Exercise requirements => Under this line is some data; print exactly the lines from the one containing "Ein Klick auf" through its last line, without pictures.

**** Material for the task

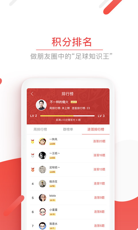 追球英雄不仅是一款简单的问答游戏,更是一个充满挑战的足球知识竞技场。在游戏中,你可以通过回答各种难度的问题来赚取追球币,这些追球币不仅可以用来提升你的等级积分,还能让你在排行榜上占据更有利的位置。随着你积累的积分越来越多,你将有机会在榜单中傲视群雄,成为真正的足球知识达人。
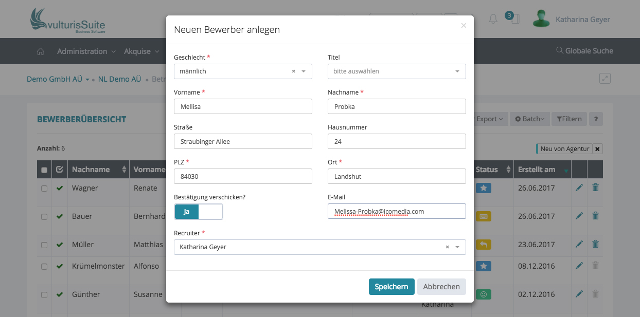 Ein Klick auf den Button „+Bewerber“ und ein Schnelleingabefenster erscheint.
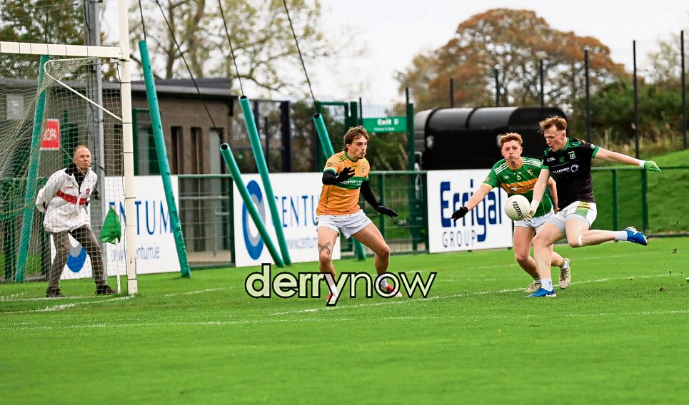 Glenullin’s Cillian Bradley prepares to kick the ball to take a point against Foreglen.
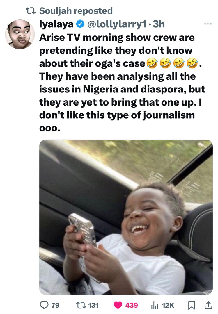 Meanwhile, some social media pundits took a swipe at Arise TV.
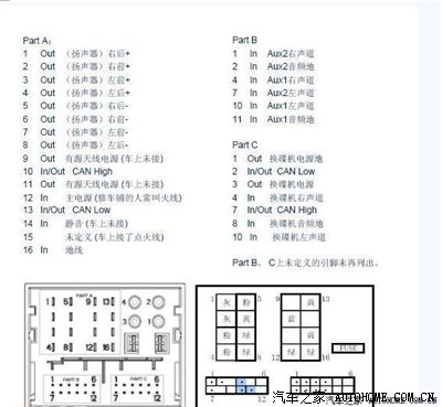 RD45的AUX接线与RD4不一样,感谢车友“penti”提供的接线方式:

********

Solution =>
 Ein Klick auf den Button „+Bewerber“ und ein Schnelleingabefenster erscheint.
 Glenullin’s Cillian Bradley prepares to kick the ball to take a point against Foreglen.
 Meanwhile, some social media pundits took a swipe at Arise TV.
 RD45的AUX接线与RD4不一样,感谢车友“penti”提供的接线方式:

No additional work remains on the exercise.